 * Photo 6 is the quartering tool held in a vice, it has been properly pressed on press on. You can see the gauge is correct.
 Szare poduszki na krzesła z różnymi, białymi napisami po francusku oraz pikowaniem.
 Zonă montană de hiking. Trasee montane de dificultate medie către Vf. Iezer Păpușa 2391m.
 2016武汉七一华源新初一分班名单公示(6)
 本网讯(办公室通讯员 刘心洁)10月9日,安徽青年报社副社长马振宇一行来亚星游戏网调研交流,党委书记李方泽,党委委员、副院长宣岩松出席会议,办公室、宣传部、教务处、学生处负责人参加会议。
---
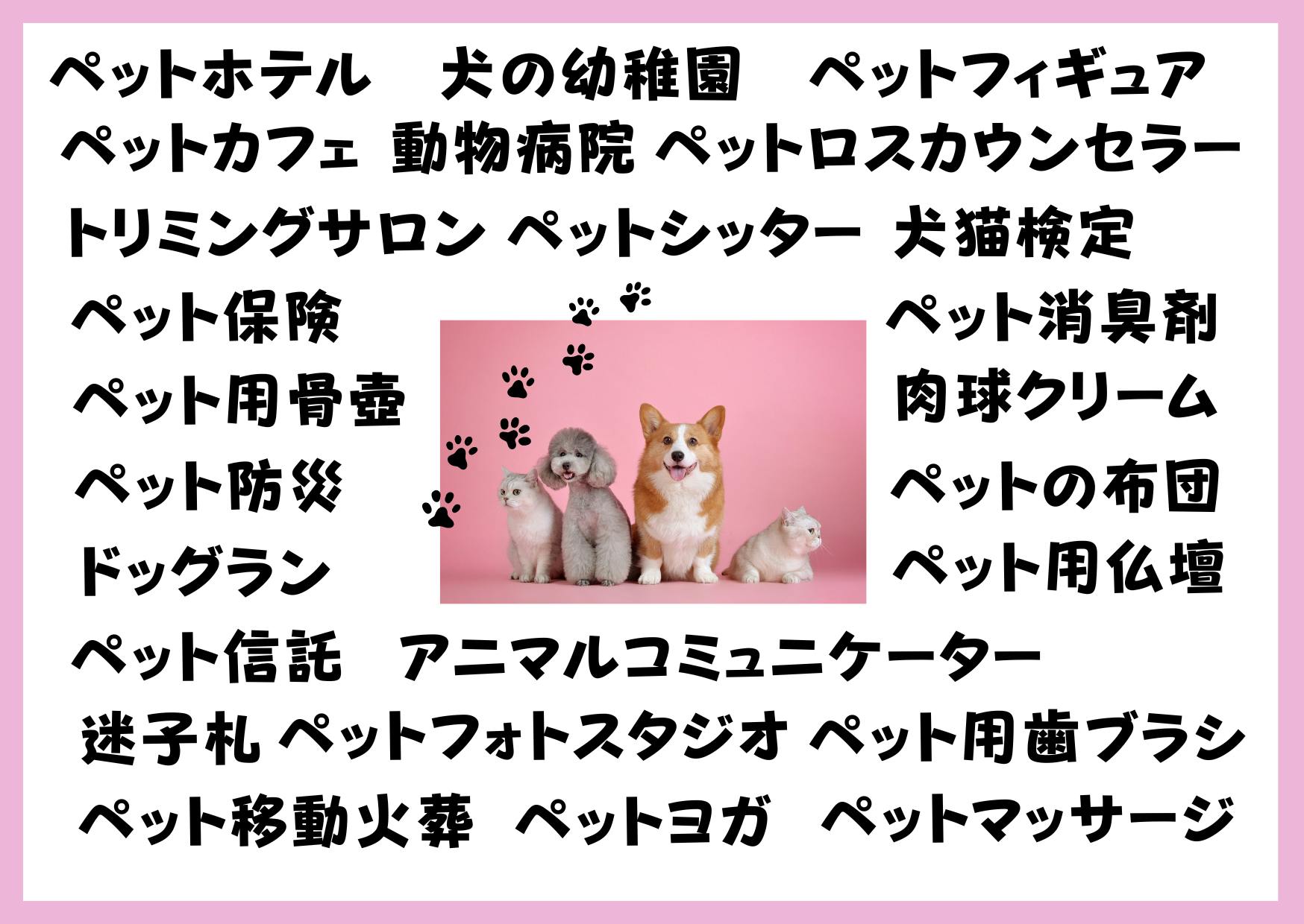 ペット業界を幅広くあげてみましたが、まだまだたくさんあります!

PROBLEM REQUIREMENTS:
Reproduce exactly the lines of the records above from the one with "gauge is correct." to the one with "本网讯(办公室通讯员 刘心洁", both included, and leave out everything else.

TASK RESULT:
 * Photo 6 is the quartering tool held in a vice, it has been properly pressed on press on. You can see the gauge is correct.
 Szare poduszki na krzesła z różnymi, białymi napisami po francusku oraz pikowaniem.
 Zonă montană de hiking. Trasee montane de dificultate medie către Vf. Iezer Păpușa 2391m.
 2016武汉七一华源新初一分班名单公示(6)
 本网讯(办公室通讯员 刘心洁)10月9日,安徽青年报社副社长马振宇一行来亚星游戏网调研交流,党委书记李方泽,党委委员、副院长宣岩松出席会议,办公室、宣传部、教务处、学生处负责人参加会议。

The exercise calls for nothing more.